People wait in a queue to receive benefit payouts, including unemployment support, at a Centerlink payment centre in Sydney in March. Photo: AFP

Prime Minister Scott Morrison’s conservative government has unleashed $A300 billion in emergency stimulus to prop up growth this year, having seen the coronavirus derail a previous promise to return the budget to surplus.

Treasurer Josh Frydenberg on Tuesday announced $17.8 billion in personal tax cuts and $5.2 billion in new programmes to boost employment in a recovery plan aimed at creating one million new jobs over the next four years.

The measures are forecast to push the budget deficit out to a record $213.7 billion, or 11 percent of gross domestic product, for the fiscal year ending 30 June 2021.

“There is no economic recovery without a jobs recovery,” Frydenberg said in prepared remarks to parliament. “There is no budget recovery without a jobs recovery.”

Jobs push

The government said it will spend A$4 billion over the next year to pay businesses that hire those under the age of 35 as it targets youth unemployment.

Under new programme, the JobMaker hiring credit, businesses will get $200 a week for each new employee aged between 16 and 29. For new eligible employees aged 30 to 35, they will get $100 a week.

The federal government says it expects about 450,000 jobs will be supported under the scheme. Businesses and employees will need to meet further eligibility requirements to take part.
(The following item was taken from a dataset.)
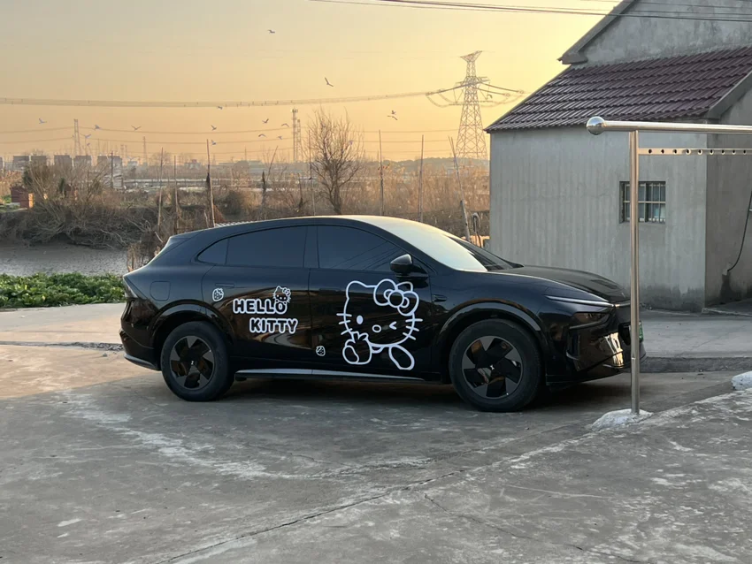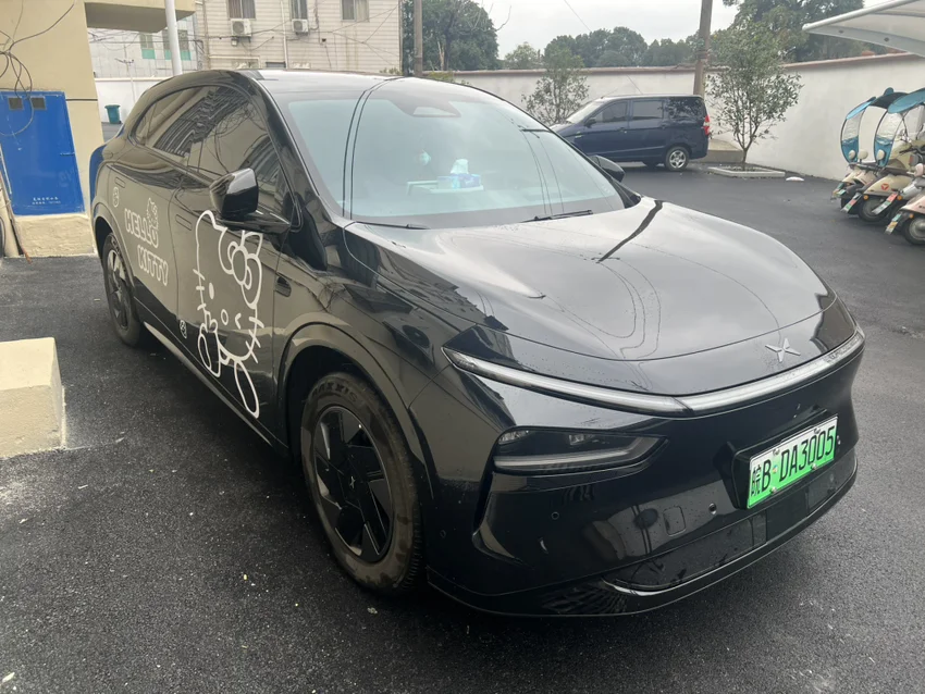 #鹏友共创# 我的是小鹏G7,因为我女儿特别喜欢哈喽Kitty,逮到邻居家上的车贴就很兴奋的想要,故而我也想满足宝贝这个小心思,正驾这边一个大大的Kitty,屁股那是个大橘,宝宝小名叫橘橘,小字体的大,副驾那侧就是正常的Kitty字样了,我觉得挺好看,你们说呢

The budget also brings forward previously legislated tax cuts for middle-income earners and extends tax breaks for individuals offered in last year’s budget for low- and middle-income earners.

Some of these cuts will be retrospectively backdated to 1 July 2020.

The government’s highly expansionary budget comes shortly after the central bank’s policy decision on Tuesday, at which it kept interest rates at a record low and flagged reducing high unemployment rate as a national priority.

The Reserve Bank of Australia has slashed interest rates this year to 0.25 percent and pumped billions into the bond market to keep credit flowing to the economy.

The fiscal and monetary support this year has helped restore consumption and business confidence and bring the unemployment rate down to 6.8 percent.

Frydenberg has pledged to pare the heavy fiscal support once the unemployment rate falls “comfortably below 6 percent”.

Australian Treasurer Josh Frydenberg, left, and Prime Minister Scott Morrison at a media conference in March 2020.

Treasurer Josh Frydenberg, left, and Prime Minister Scott Morrison (file photo). Photo: AFP

Australia delayed the release of this year’s federal budget, which usually takes place in May, as the coronavirus upended most of the economic assumptions underlying its projections.

While most of the measures announced on Tuesday were not new, the government affirmed its strategic priorities that include boosting domestic energy production and manufacturing and infrastructure investment.

Frydenberg said the plans would “ensure Australian manufacturing plays an even greater role in our economic recovery”.

Gross debt projected to rise above $A1 trillion

Australia’s unemployment rate hit a 22-year high of 7.5 percent in July as businesses and borders closed due to strict lockdown measures to deal with the coronavirus.

While the number of deaths and infections in Australia from Covid-19 has been low compared with many other countries, the hit to GDP has been severe. Underlying the budget forecasts was an assumption that a vaccine would be developed in 2021.

Australia’s $A2 trillion economy shrank 7 percent in the three months ended June, the most since records began in 1959.

In its new projections, the government expects unemployment to rise to 7.25 percent by the end of the current fiscal year and then fall to 6 percent by June 2023. Australia’s GDP is expected to shrink 1.5 percent for the current fiscal year before returning to growth of 4.75 percent in the next.

S&P Global Ratings said Australia remained only one of 11 countries with the highest credit rating of AAA, albeit with a negative outlook, and said fiscal recovery would take years.

Gross debt is projected to surpass $A1 trillion in 2021/22, from $A684 billion in 2019/20, and then rise to around $A1.14 trillion by 2023/24.